Emissions Testing and Exhaust: Everything you need to know

28 Oct Emissions Testing and Exhaust: Everything you need to know

Emissions Testing and Exhaust: How Do These Systems Work?

When it comes to Emissions Testing, the goals of the emissions and exhaust systems are really one and the same. Their goal is to reduce the amount of noise and harmful pollutants coming from your vehicle. After combustion occurs in the cylinders, the resulting gas is expelled into the exhaust system, where it encounters a series of chemical reactions, which helps to turn the poisonous gas into more inert material. The various parts of the exhaust system then baffle this gas and, while some of this gas is recycled into the system, most is expelled out the tailpipe in a (typically) pleasing note.

The main components of the exhaust system are the exhaust manifold, the catalytic converter, the oxygen sensor, the resonator and muffler, and the remaining components that comprise the emissions system are the PCV valve, the EGR valve, the evaporative controls and the air pump. In the exhaust system, the exhaust gases flow through the exhaust manifold, encounter the catalytic converter, and exit through the resonator and finally the muffler.

The Exhaust Manifold

The exhaust manifold, to break it down to its simplest explanation, is a series of tubes (not unlike the internet) that collect the gases from the engine and deliver it to the exhaust pipe. Sometimes, you’ll hear exhaust manifolds referred to as “headers,” which is essentially just a synonym. Exhaust manifolds are typically made from cast iron, stainless steel or ceramic. While cast iron is strong and somewhat inexpensive, they’re prone to rusting and can become brittle over time. Stainless steel is smoother, providing for better exhaust flow, but can be a bit on the heavy side. Ceramic, unlike steel, is lightweight, but can sometimes crack under exposure to extreme temperatures.

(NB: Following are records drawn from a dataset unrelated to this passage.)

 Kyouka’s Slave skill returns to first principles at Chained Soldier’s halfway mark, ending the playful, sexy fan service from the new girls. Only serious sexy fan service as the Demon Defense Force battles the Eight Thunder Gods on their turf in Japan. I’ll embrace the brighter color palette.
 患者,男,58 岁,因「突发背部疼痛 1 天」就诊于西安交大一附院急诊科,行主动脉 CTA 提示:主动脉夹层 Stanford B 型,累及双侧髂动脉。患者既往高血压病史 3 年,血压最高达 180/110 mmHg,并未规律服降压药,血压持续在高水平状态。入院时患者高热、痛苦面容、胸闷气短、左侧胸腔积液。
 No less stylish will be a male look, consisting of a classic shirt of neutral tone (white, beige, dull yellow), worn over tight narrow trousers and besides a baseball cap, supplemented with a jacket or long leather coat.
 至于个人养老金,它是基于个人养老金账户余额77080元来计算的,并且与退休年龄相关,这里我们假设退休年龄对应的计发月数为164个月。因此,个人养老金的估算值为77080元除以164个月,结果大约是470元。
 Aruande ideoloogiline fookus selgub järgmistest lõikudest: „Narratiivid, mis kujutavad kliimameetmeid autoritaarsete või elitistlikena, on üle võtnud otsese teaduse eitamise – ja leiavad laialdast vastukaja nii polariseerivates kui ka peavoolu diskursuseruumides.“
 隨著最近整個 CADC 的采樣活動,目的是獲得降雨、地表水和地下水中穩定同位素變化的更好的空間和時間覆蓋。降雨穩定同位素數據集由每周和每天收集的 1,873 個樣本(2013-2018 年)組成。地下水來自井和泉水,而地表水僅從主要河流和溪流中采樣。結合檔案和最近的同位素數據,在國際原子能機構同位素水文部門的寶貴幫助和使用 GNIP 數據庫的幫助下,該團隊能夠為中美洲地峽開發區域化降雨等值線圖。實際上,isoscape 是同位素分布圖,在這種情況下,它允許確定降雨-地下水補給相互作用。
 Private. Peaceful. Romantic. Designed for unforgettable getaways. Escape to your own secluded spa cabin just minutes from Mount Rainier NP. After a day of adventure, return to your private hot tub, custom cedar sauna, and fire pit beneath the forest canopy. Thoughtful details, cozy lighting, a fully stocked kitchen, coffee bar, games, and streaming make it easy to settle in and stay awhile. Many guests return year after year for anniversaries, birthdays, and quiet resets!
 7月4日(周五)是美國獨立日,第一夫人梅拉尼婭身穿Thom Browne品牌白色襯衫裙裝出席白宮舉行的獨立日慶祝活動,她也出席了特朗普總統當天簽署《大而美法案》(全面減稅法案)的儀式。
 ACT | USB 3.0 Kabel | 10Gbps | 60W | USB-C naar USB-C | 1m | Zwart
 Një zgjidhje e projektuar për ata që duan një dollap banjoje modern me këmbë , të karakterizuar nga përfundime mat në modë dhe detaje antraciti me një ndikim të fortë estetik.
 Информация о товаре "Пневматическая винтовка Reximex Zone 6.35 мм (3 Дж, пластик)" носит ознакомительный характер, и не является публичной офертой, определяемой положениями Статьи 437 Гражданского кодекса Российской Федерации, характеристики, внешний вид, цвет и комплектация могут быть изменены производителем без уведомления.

The goal of aftermarket headers is to decrease the resistance to exhaust flow (a.k.a. backpressure), and to increase the volumetric efficiency of an engine, resulting in a gain in power. An increase in backpressure (due to small exhaust piping, large mufflers and restrictive catalytic converters) forces the engine to work harder to expel the exhaust gas, reducing power. Headers are the first important step in reducing backpressure.

The following picture is a set of custom FMU headers for a Mercedes C63 AMG:

The Catalytic Converter

Some of the gases in a car’s exhaust can be dangerous, such as carbon monoxide and various volatile organic compounds. The job of the catalytic converter (known for brevity’s sake as a “cat”) is to take those harmful components of the exhaust and convert them into less dangerous compounds using chemical reactions.

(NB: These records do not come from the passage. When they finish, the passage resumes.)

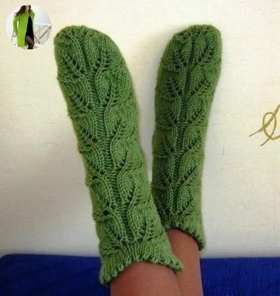 ОПИСАНИЕ: Вязание на 4-х спицах. Размер 38 вяжем 2 рисунка: в центре - листочки, а по краям - скрещенные 4 петли и между ними 3 изнан. Набрать 66 петель и распределить на 4 спицы. Вяжем 4 ряда - лицевыми. 5 р - 4 лиц,3 изн,4 лиц,3изн,4 лиц,3 мзн,7 лиц,2 вм лиц, накид,1 лиц,1 изн, 2 вм л, накид,7 лиц,3 изн, 4лиц, 3изн,4 лиц,3 изн,4лиц,3изн 6 р - 4л,3 из, 4л,3 из,4л,3 из, 6 л, 2 вместе л,2 л, накид,1 л, 1 из,1 л, накид, 2 л,2вм л,6 л,3из,4л,3из,4л,3из,4л,3из 7 р - 4л,3 из, 4л,3 из,4л,3 из, 5 л,2 вм,1л, накид,2 л,1из,2 л, накид,1л,2 вм, 5л,3из, 4 л 3из,4л, 3из 8 р - 4л,3 из, 4л,3 из,4л 3 из, 4 л, 2 вм,3л, накид,1л,1из,1л, накид,3л,2вм,4 л,3из,4л,3из,4л,3из 9 р - накид,2л снять на доп. сп, следующие 2 вместе лиц, затем с доп. спицы-провязать 2вм л, накид, 3 из, накид, 2 снять на доп сп, 2провяз вместе, с доп. спицы -2вместе, накид, 3 из, накид, 2 снять на доп. сп, 2 вместе, с доп. спицы - 2 вместе, накид, 3 изн, 3 лиц, 2 вместе, 2 лиц, накид, 3 лиц, 1 изнан, 3 лиц, накид, 2 лиц, 2 вм, 3 лиц, 3 изн, накид, 2 снять на доп. сп., 2 вместе лиц, с дополн. спицы - 2 вместе, накид, 3 изн, накид, 2 снять на доп. сп, 2 вместе лиц, сдоп. спицы - 2 вместе, накид, 3 изн, накид, 2 снять на доп. сп, 2вместе, с доп. спицы- 2 вместе, накид, 3 изн 10 р - 4лиц, 3 изн,4 лиц, 3 изн,4 диц, 3изн, 2 лиц, 2 вм, 4 лиц, накид, 2 лиц, 1 изн, 2 лиц, накид, 4 лиц, 2 вм лиц, 2 лиц, 3изн, 4 лиц, 3 изн, 4 лиц, 3 изн, 4 лиц, 3 изн 11 р - 4 лиц, 3 изн, 4 лиц, 3 изн,4 лиц, 3 изн, 1 лиц, 2 вм лиц, 3 л, накид, 4 лиц, 1 изн, 4 лиц, накид, 3 лиц, 2 вм лиц, 1 л, 3 изн, 4 лиц, 3 из, 4 лиц, 3 из, 4 лиц, 3 из 12 р - 4 лиц, 3 из, 4 л, 3 из,4 л, 3 из, 2 вм лиц, 5 лиц, накид, 3 лиц, 1 изн, 3 лиц, накид, 5 лиц, 2 вм, 3 изн, 4 л, 3из, 4 л, 3 из, 4 л, 3 из
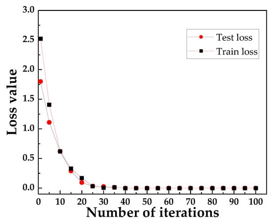 When processing the bearing vibration signal, the local coverage method was adopted to make the two adjacent groups of data overlap partially and to improve the generalization ability of the model. After model iteration 100, the training and test results of the fault types were as shown in Figure 8, and the loss value change curve is shown in Figure 9.
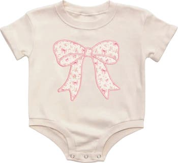 The Ditsy Floral Bow Patch Short Sleeve Romper is a trendy and whimsical romper for babies to welcome Spring!
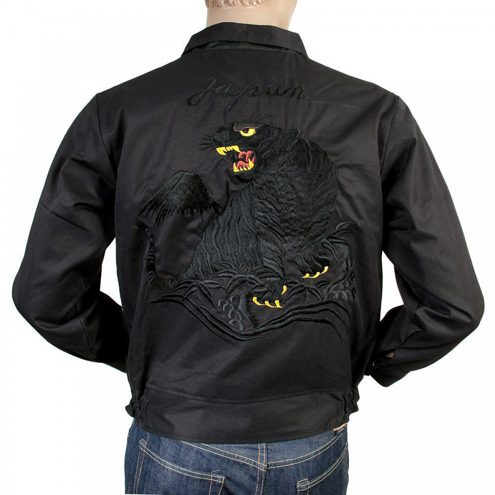 Black Regular Fit Cotton Twill Jacket with Embroidered Black Tiger TT13002
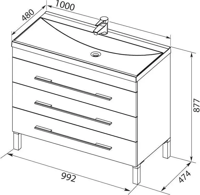 Тумба с раковиной Aquanet Верона 100.2 напольная с 3-мя ящиками с раковиной Нота
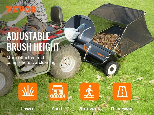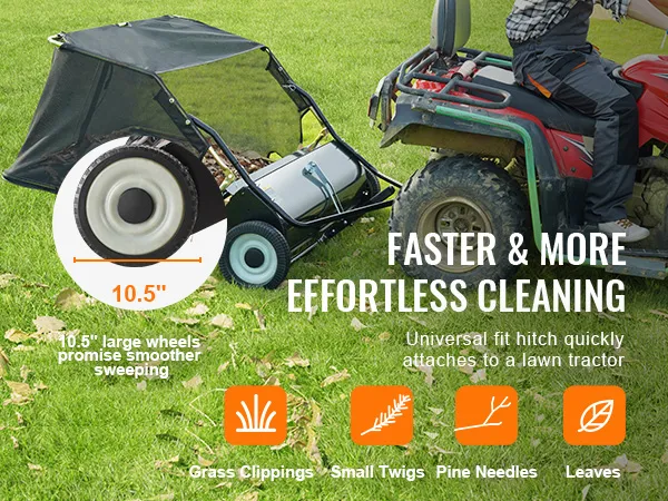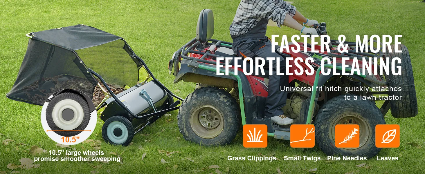 Our tow-behind lawn sweeper is designed for use with ATVs, UTVs, and tractors, efficiently clearing leaves and debris from lawns, yards, sidewalks, and driveways. Whether you're dealing with large lawns or narrow driveways, this sweeper gets the job done with ease.
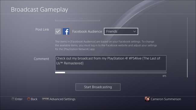 Un po 'più in basso nello schermo, c'è anche un'opzione per condividere il tuo streaming su Facebook. Se hai già collegato il tuo account PlayStation con il tuo account Facebook, questa è una semplice scatola. Altrimenti, accederai e collegherai i due. Ciò significa più battitura del controller. Sìì!
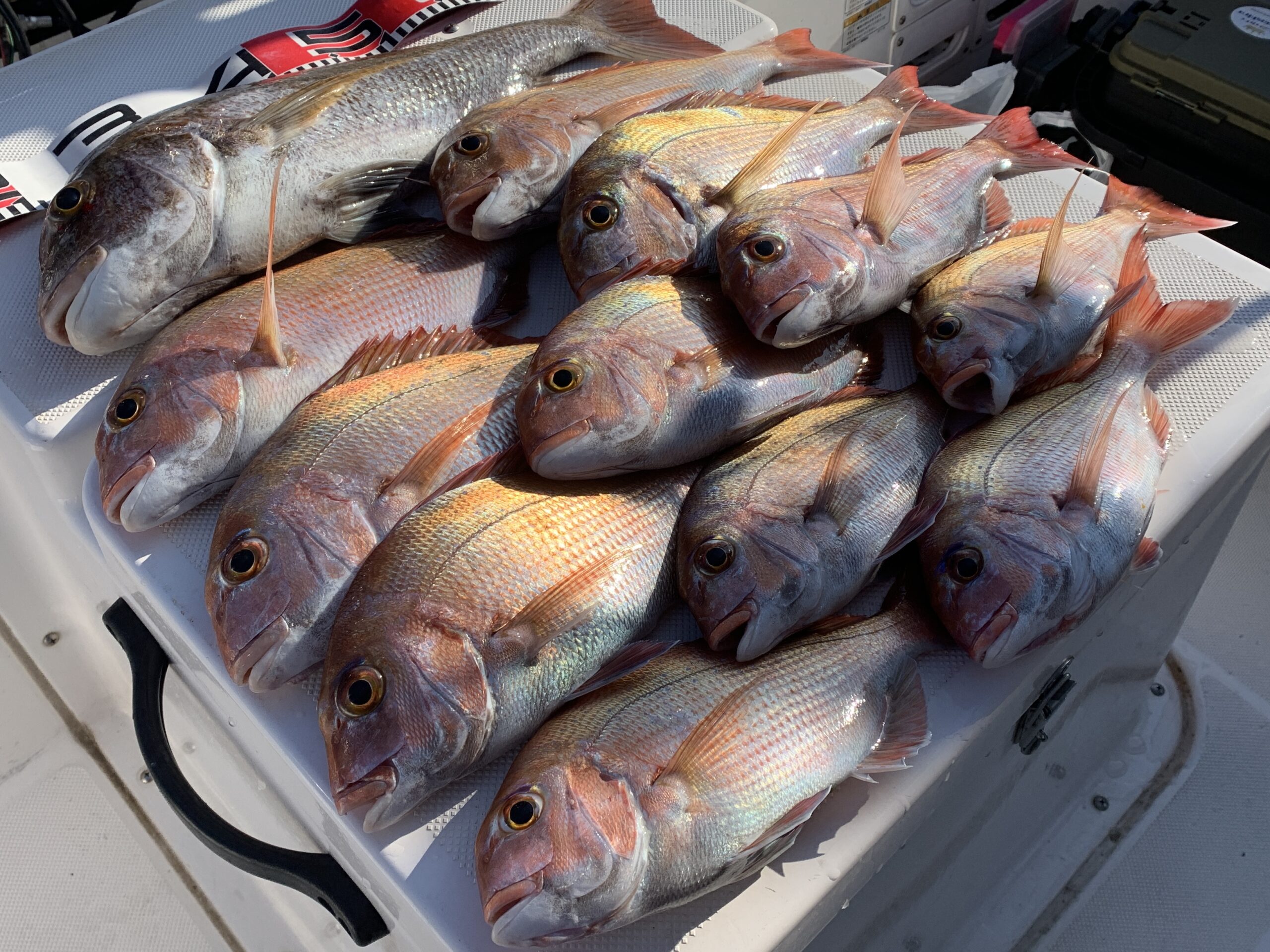 本日の釣果は船中、マダイ12匹(最大60cm)でした🎣

Inside the cat, there are two different types of catalysts at work, a reduction and an oxidation catalyst. Both catalysts consist of a ceramic structure coated with a metal catalyst. These metal catalysts are occasionally made of precious metals, including platinum, rhodium, palladium and/or gold. Some of these materials can be expensive, which is why replacing a cat can be egregiously expensive, depending on the vehicle.

The reduction catalyst’s goal is to reduce nitrogen oxide-based emissions; it uses platinum and rhodium to convert the NO or NO2 molecules into pure oxygen and nitrogen components. The oxidation catalyst reduces the unburned hydrocarbons (present in gasoline) by oxidizing them over a platinum and palladium catalyst.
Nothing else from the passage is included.